The number seems so small to the length of sobriety I had. But I am still sober (again.) Spent the last few days of my vacation reading my book “Buddhism and the Twelve Steps”. I still need to read the Big Book and combine what I learn from this book with that. I have been making mental lists of who I need to make amends to. Also, I need to reboot this blog and go back to listing my mistakes. I need to reread what I have already written so I don’t repeat myself.
But I feel more positive about starting over than when I first got sober. I also realize that staying sober is an active state. It is not gonna just happen.

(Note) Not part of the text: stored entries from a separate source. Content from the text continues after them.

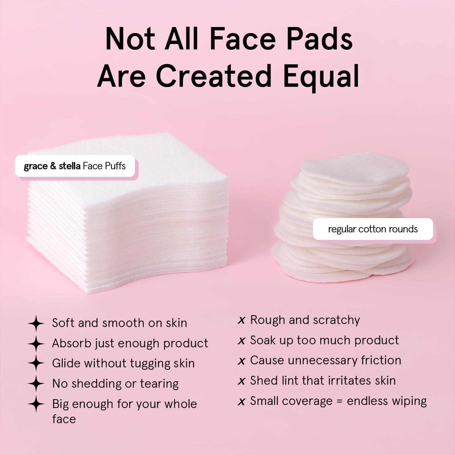 grace & stella Face Pads for Toner, Essence, and DIY Mask (100 Count) - Soft, Lint-Free Makeup Remover Pads - Durable XL Facial Pad for Skincare - Vegan, Cruelty-Free(Pack of 200)
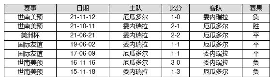 委内瑞拉 VS 厄瓜多尔两队近10年的交战次数为7场,委内瑞拉1胜3平3负,赢球概率为14.3%,平局概率为42.9%,输球概率为42.9%。
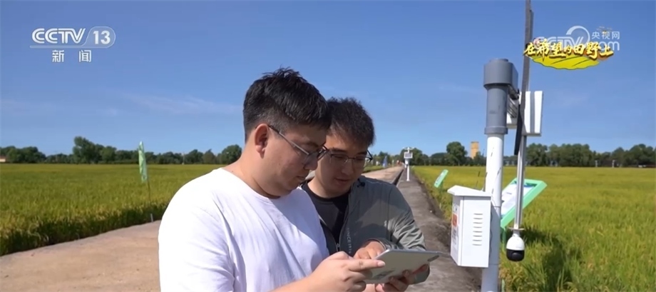 閆家崗農(nóng)場黨委書記 張雅南:咱們現(xiàn)在手里拿的這塊屏,就相當(dāng)于在我們田間地頭建設(shè)了一個(gè)農(nóng)業(yè)的智慧大腦。您看我手邊指的這一個(gè),下面就是視覺傳感器,它是做什么用的?它就是在水稻的不同生育期負(fù)責(zé)拍攝水稻生長的狀態(tài)。原來人工巡田,現(xiàn)在通過智慧大腦來巡田、來決策,所以更科學(xué)、更高效。
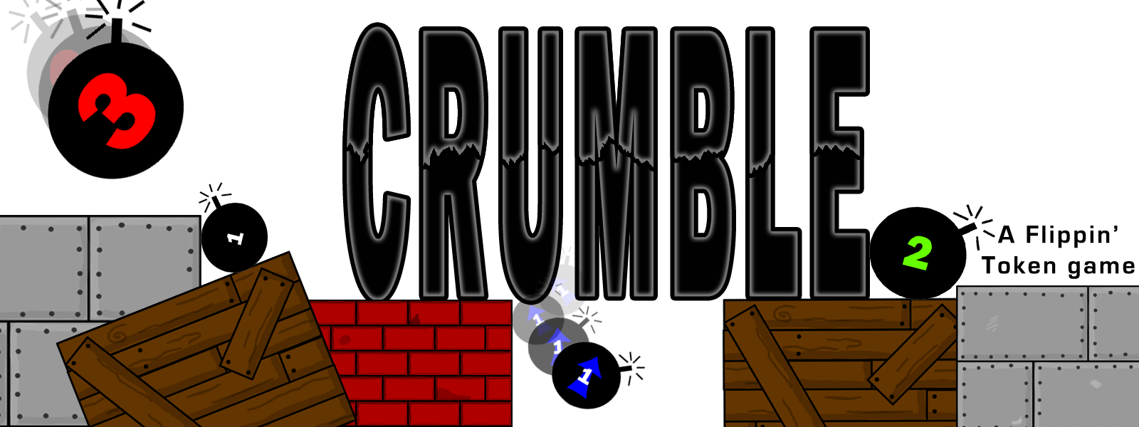 A game for all ages, easy to learn, hard to master, and lots of fun to play! Wall cards are placed in the center, and you have to flip bomb tokens onto the walls to break them. Flipping's done in the same way you'd flip a coin to determine heads or tails. There's different strengths of walls, and different kinds of bombs to help take it down. Landing the bomb on multiple cards, using arrow bombs, and stacking tokens, are some of the ways to Crumble the wall in a hurry.

I do need to work for it.
6 thoughts on “16 days”
Wishing you wisdom and success in your journey.
There is courage in starting anew. Wishing you many more days of successful recovery!
So glad to see you back at it. Congrats on 16 days!! Hang in there. I had many starts too so I can relate. One day at a time, you can do this! Sending many hugs.
Congratulations. As all of us know 16 sober days is no small feat. I too am in the process of rebooting my blog which I only posted to twice over a year ago. Thank you for the reminder of my last “beginning” and the added inspiration to reopen the blog.
I’ve been meaning to reading that book. Also, I’d like to check out Richard Rohr’s Breathing Underwater. I straddle the line between Christian and Buddhist, and while I’d prefer no labels at all, I know myself better than that. I’m a labeler. At least I’m a sober one. Good job on the 16 days!
I will try to check out that book also.